This brings us back again to muscle, for the object of nearly all the voluntary muscle is to cause movement among the bones. For this purpose the muscle cells or fibres are arranged parallel to one another, and bound up together by connective tissue, the whole bundle being known as ‘a muscle.’ The two ends of a muscle are attached to two bones by connective tissue, which sometimes forms a short cord, or tendon. Then, when the muscle contracts, the two places of its attachment are pulled towards one another, and something has to move. But before saying more about the way in which the bones are jointed and muscles attached—in fact, what movements are possible in the human body—it would be as well here to describe the chief properties of muscle and the way in which they are studied.
II.
Diagram 21.—Apparatus for recording a Muscular Contraction.
The way in which voluntary muscle is studied is very simple. A frog is killed by thrusting a probe into the brain and down the spinal cord, and a muscle is then dissected out and attached to a piece of apparatus ([see Diagram 21]) in such a way that on its contracting it raises a lever, and draws a line on a moving surface.

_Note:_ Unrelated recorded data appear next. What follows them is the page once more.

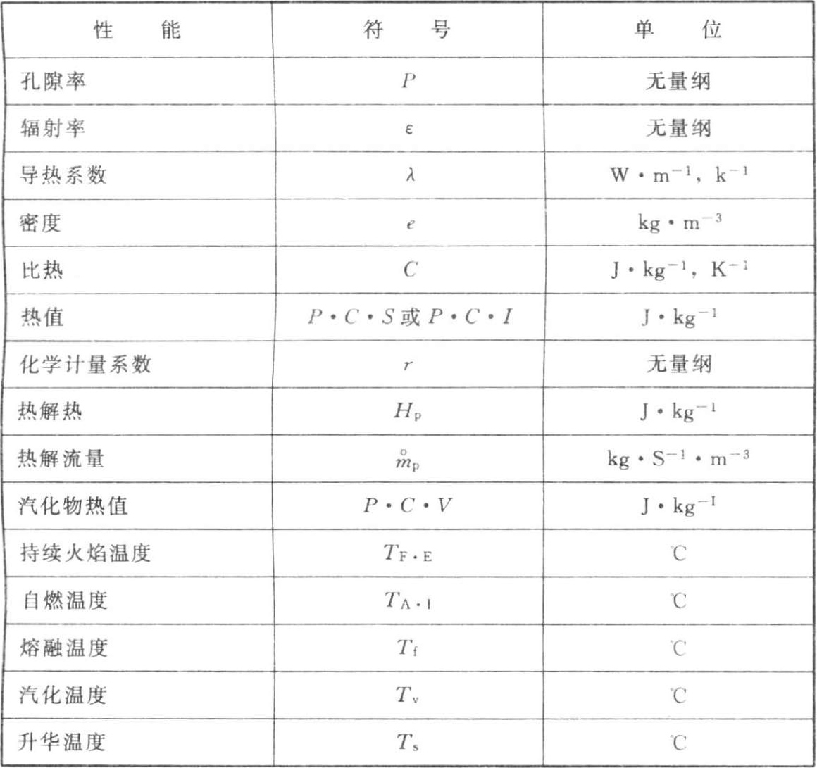 综上所述,根据材料与火的点燃、蔓延和轰燃有关的材料基本性能概括列在表2-1中。
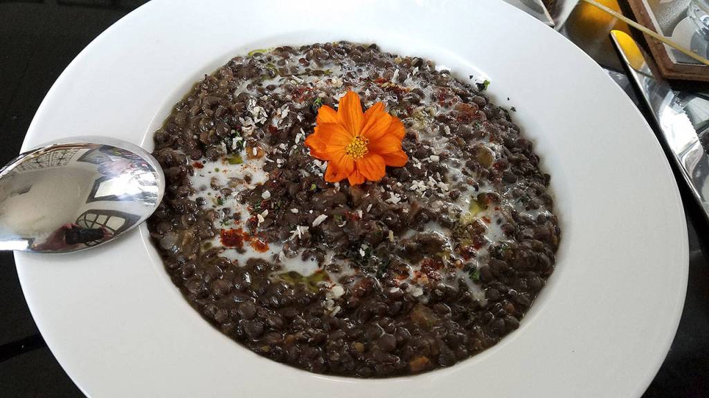 Looking over the menu, we were both separately — and immediately — taken with the description of the soup: beluga lentils with charred sage and coconut cream ($6.50 for a bowl).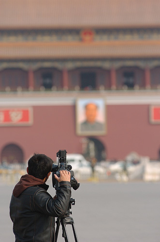3月14日,中國人民政治協(xié)商會議第十一屆全國委員會第一次會議在北京人民大會堂舉行閉幕會。圖為當日一名電視記者在廣場上拍攝外景。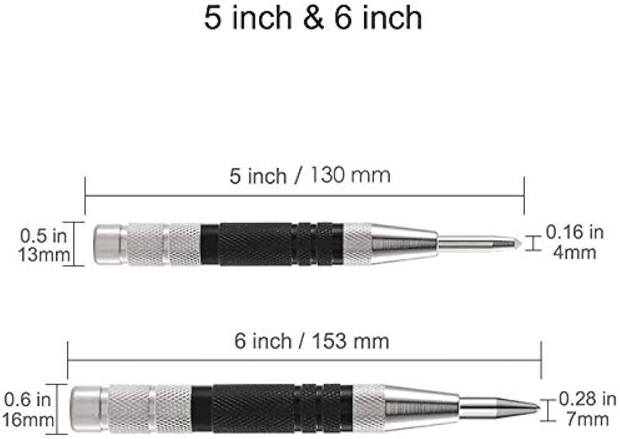 Center Punch – Automatic Super Strong Adjustable Impact, Center Hole Punch Tool, Marker Scriber Spring Loaded Center Hole Punch for Metal or Wood (2 Pcs – 6″ and 5″)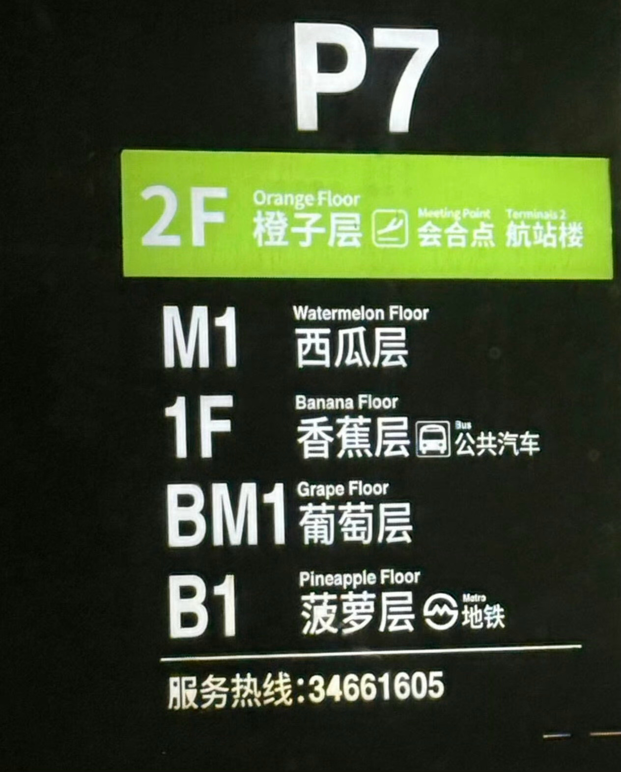 上海还是太international了,虹桥机场一楼香蕉层,二楼橙子层,负一楼菠萝层,可可爱爱的。第一个想出这些标识的是天才吧?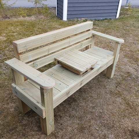 Værbitt, hardfør hagegruppe. To-seter benk, bord og to stoler.

The rate at which the surface is moving is ascertained, so that the nature of the curve, which is a graphic record of the contraction, can be analyzed. ([See Diagram 22.]) For instance, when an electric shock is used to make the muscle contract, we find that a slight shock causes a small contraction, as shown by a low curve, while a stronger one, up to a certain point, causes an increase.
Diagram 22.—Graphic Record of a Response to a Single Stimulus applied at A.
Lower line = tuning-fork records of ⅟₁₀₀″.
But having described how muscle is studied, it is only necessary to state a few facts concerning it; to discuss muscle, fully describing the experiments by which its more obscure properties have been elucidated, and the devices by which causes of error have been eliminated, would fill volumes.